• _What is expected_
Print word for word whatever lies between the first line of the material and the line holding "This vintage 1950s", both included, and omit all pictures.

• _Given records_
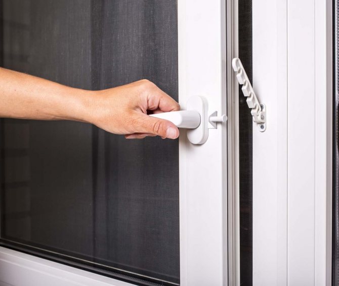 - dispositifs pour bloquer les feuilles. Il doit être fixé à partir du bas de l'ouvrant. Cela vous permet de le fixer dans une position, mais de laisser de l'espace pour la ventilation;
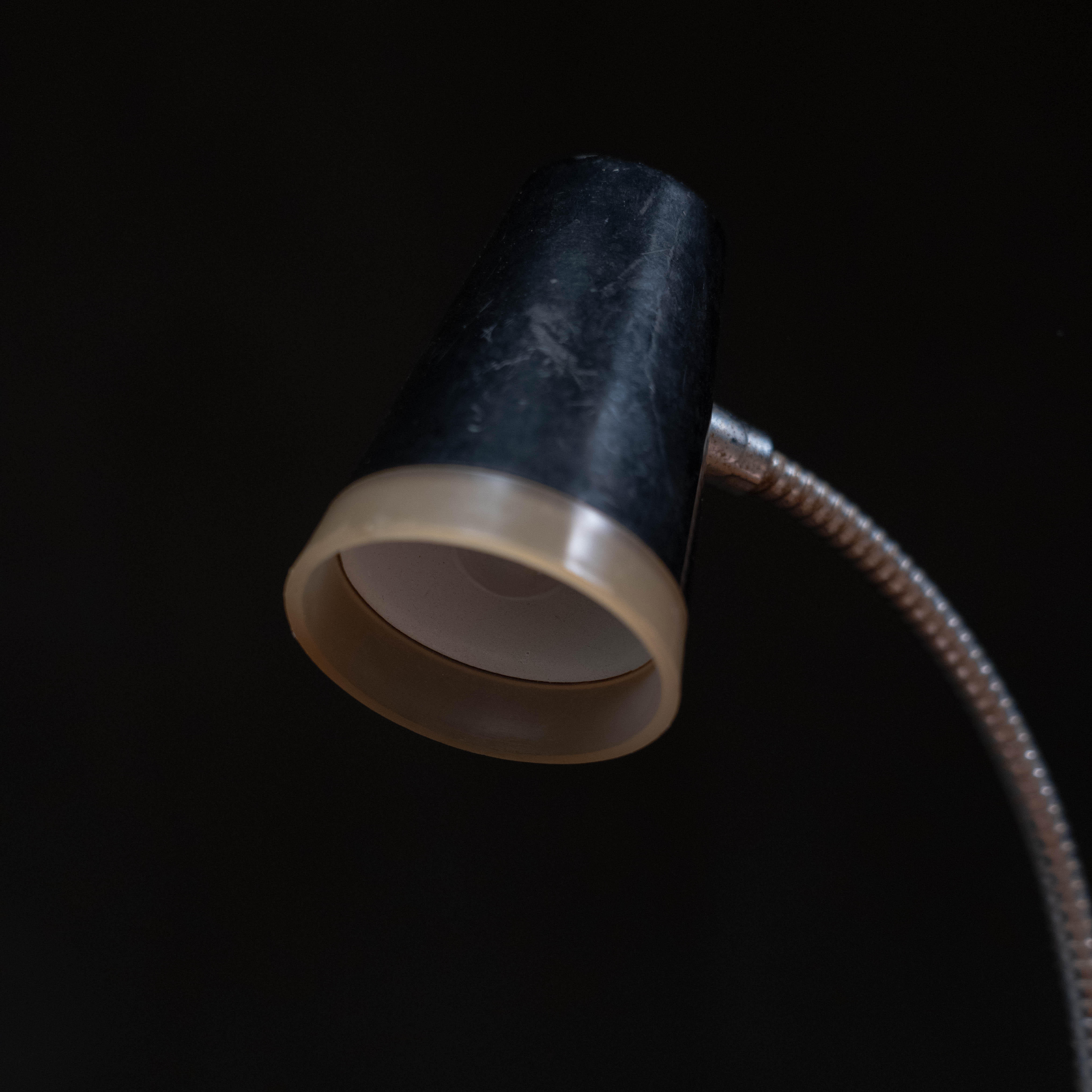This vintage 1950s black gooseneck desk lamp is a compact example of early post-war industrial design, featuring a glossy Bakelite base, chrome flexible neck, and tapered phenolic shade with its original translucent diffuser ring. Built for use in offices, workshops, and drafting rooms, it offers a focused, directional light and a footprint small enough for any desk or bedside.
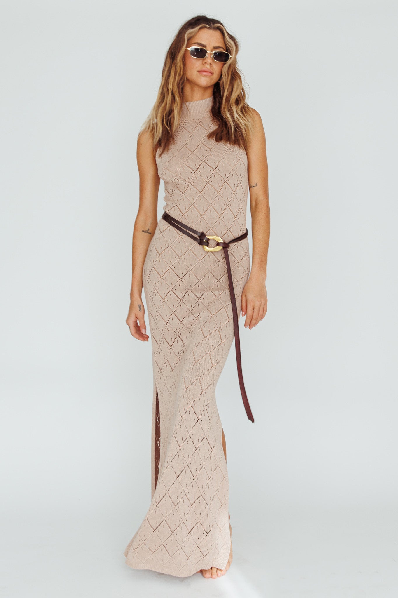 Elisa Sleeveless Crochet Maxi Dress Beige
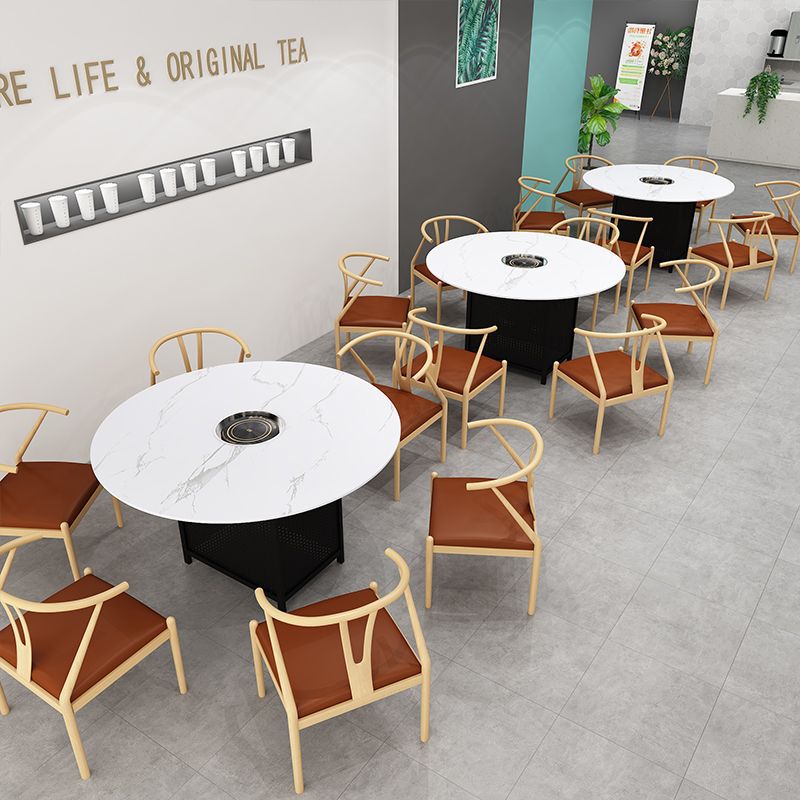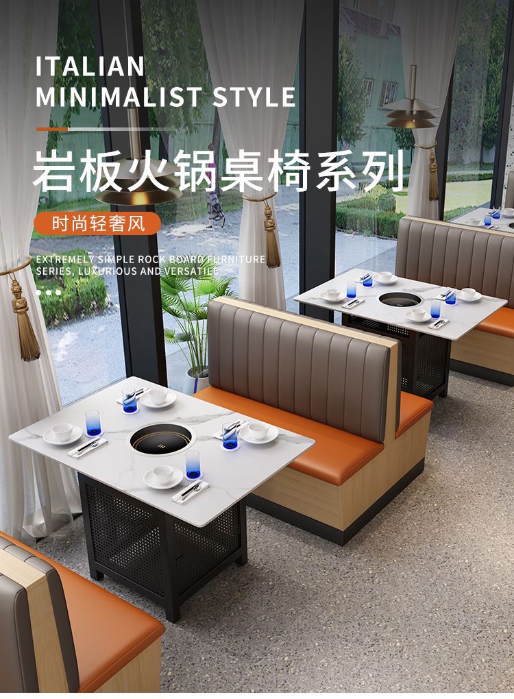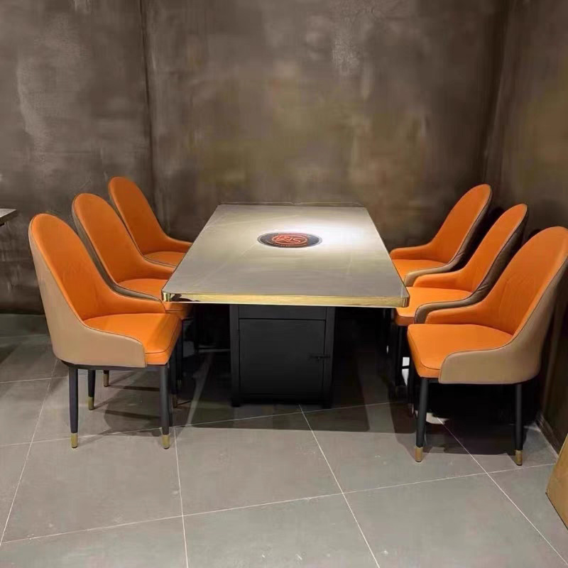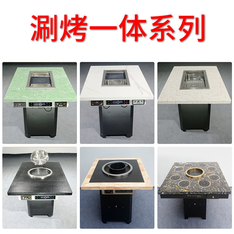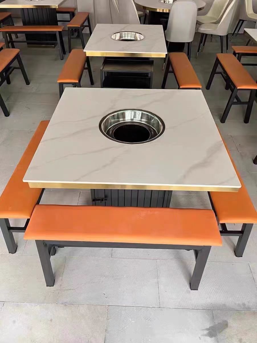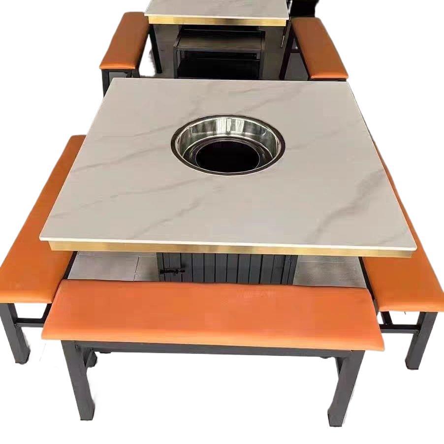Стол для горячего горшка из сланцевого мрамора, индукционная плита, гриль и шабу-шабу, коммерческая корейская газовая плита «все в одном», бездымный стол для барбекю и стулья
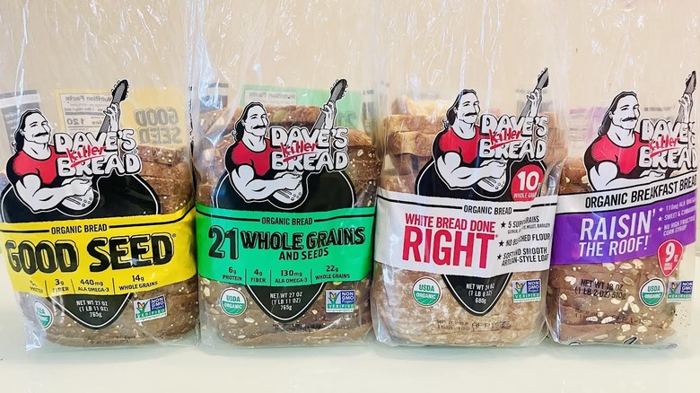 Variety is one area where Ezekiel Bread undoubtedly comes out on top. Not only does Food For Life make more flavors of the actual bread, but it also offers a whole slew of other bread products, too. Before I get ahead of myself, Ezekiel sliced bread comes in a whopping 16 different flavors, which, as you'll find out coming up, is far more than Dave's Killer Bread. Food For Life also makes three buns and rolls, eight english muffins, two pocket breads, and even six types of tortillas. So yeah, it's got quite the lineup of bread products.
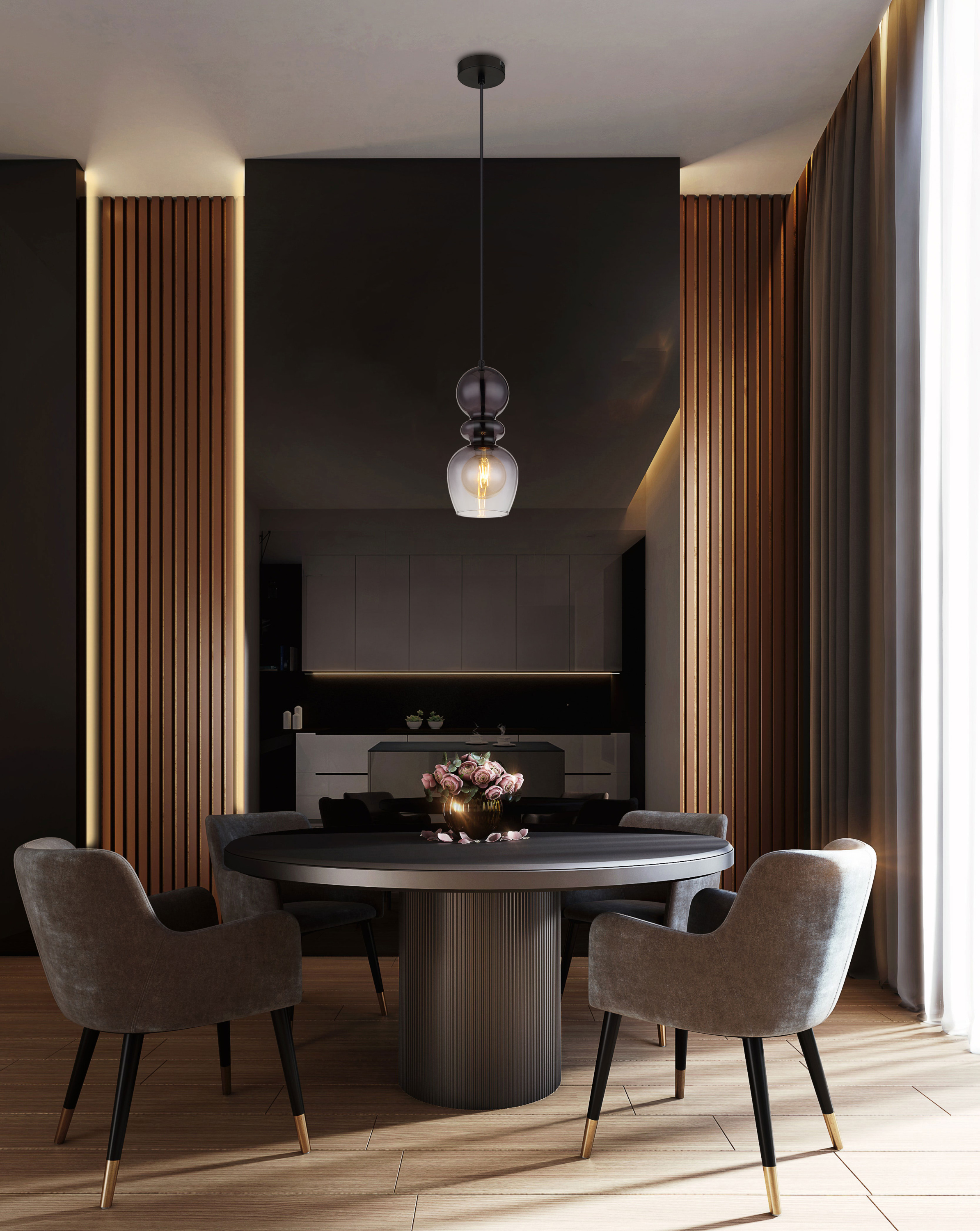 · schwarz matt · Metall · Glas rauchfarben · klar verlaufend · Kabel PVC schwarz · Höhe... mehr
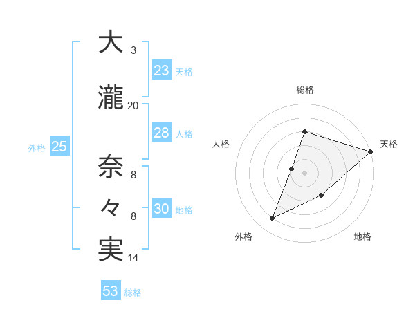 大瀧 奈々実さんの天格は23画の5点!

• _Solution to this exercise_
 - dispositifs pour bloquer les feuilles. Il doit être fixé à partir du bas de l'ouvrant. Cela vous permet de le fixer dans une position, mais de laisser de l'espace pour la ventilation;
This vintage 1950s black gooseneck desk lamp is a compact example of early post-war industrial design, featuring a glossy Bakelite base, chrome flexible neck, and tapered phenolic shade with its original translucent diffuser ring. Built for use in offices, workshops, and drafting rooms, it offers a focused, directional light and a footprint small enough for any desk or bedside.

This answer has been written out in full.